A Few of Sunny’s Faves

BBQ sauce, sharp cheddar, chicken, mushrooms, onions, jalapeños, and ranch drizzle.

Buffalo sauce, pepperjack, macaroni, chicken, jalapeños, bread crumbs, and ranch drizzle. 

Alfredo, mozzarella, ham, bacon, jalapeños, pineapple, and sriracha drizzle. 

Sunny’s sauce, mozzarella, pepperoni, pepperoni pizza rolls, and sriracha drizzle. 

Alfredo, mozzarella, sharp cheddar, hamburger, lettuce, tomatoes, green peppers, onions, and taco sauce drizzle. 

Whole-grain mustard, mozzarella, ham, bacon, and pickles. 

Whole-grain mustard, mozzarella, sausage, hamburger, and banana peppers. 

But while customization is always a draw, patrons at Sunny’s don’t have to look much further than the joint’s specialty pizzas, or Sunny’s Faves, to find something out of the norm. 

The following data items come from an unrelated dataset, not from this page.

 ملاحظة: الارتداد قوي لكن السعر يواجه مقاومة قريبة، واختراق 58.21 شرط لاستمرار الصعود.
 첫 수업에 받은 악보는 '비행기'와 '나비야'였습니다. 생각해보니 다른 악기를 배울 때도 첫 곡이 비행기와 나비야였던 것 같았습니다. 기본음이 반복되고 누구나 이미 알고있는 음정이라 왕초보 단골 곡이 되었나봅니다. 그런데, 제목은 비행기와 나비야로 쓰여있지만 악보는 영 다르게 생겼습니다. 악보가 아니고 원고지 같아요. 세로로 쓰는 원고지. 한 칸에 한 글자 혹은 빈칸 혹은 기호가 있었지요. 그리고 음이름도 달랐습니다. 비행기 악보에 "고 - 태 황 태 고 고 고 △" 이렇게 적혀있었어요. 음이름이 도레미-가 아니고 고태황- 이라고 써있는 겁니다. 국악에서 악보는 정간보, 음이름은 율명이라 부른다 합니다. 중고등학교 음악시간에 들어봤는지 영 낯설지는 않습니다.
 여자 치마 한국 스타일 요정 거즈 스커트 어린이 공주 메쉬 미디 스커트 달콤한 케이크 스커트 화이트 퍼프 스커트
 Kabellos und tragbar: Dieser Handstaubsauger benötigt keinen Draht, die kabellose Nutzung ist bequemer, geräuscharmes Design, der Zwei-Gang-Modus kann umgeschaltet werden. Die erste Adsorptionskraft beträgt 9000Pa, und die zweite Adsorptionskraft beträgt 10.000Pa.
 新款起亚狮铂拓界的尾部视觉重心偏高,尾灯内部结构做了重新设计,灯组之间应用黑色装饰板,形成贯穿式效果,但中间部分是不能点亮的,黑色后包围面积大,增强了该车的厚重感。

Options like The Augie Blues, Cougar Meat, and the Sodak Chicken dot the menu, pointing both to Oppold’s love for the local and penchant for the unique. All three of the previous pizzas use a different sauce (alfredo, Sunny’s Sauce, and buffalo sauce, respectively), and a variety of other ingredients—everything from jalapeños and bread crumbs to mushrooms and celery—to serve up something that’s a far cry from a traditional pepperoni and cheese. 

“We started off with these specialty pizzas that are our own recipes and expanded from there,” said Oppold. “Some of people’s favorites so far have been our bacon cheeseburger pizza with pickles and our pepperoni pizza with pepperoni pizza rolls on it instead of just pepperoni slices.” 

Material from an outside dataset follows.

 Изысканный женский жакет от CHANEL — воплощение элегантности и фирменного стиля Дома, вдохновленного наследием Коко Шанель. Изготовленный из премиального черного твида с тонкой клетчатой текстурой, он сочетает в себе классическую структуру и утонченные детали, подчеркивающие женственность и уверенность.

Oppold’s love for local staples like the two colleges Sunny’s is situated between, doesn’t just stop at pizza names, though. Pretty much everything—down to the Stensland Family Farms cheese piled on top of each pie—is homegrown. 

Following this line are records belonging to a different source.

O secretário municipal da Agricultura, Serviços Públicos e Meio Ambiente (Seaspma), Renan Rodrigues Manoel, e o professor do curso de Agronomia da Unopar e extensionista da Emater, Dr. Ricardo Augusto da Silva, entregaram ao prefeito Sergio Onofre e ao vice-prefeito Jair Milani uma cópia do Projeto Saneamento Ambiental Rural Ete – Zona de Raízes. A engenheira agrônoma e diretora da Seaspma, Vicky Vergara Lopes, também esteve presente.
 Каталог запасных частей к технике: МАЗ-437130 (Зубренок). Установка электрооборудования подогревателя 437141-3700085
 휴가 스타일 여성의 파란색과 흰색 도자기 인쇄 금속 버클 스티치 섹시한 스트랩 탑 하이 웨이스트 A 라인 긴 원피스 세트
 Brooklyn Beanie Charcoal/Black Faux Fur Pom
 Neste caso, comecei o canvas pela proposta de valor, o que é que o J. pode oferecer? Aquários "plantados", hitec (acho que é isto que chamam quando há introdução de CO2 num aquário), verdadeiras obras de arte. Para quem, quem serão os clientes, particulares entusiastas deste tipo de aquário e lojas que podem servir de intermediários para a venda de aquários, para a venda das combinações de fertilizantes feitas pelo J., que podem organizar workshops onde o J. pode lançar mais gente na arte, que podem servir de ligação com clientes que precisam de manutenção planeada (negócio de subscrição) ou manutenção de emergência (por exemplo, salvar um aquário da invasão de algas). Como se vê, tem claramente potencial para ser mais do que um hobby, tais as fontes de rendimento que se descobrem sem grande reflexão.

“I’m most excited about this becoming a local staple in the neighborhood. I want people to have fun when they come here, and I want to keep it a little quirky.”

“We have four taps in here,” said Oppold, “and all the kegs are brewed in Sioux Falls. This is a small place, and as a Sioux Falls native it was important to me to have that community feel within the space. We’re doing all local as much as we can.” 

And what’s more local than neighborhood-wide trivia nights, college game watch parties, or speed puzzle contests? Not much. Sunny’s plans to do it all and more to cater to not only their college student audience, but also anyone who simply wants to go someplace different, try something new, and meet people who live across the street or even across town. 

“A big part of Sunny’s isn’t just the pizza, it’s bringing people in and having fun events that give them a chance to hang out,” said Oppold. “We’re really just about keeping it simple here. We’re a neighborhood pizza place.”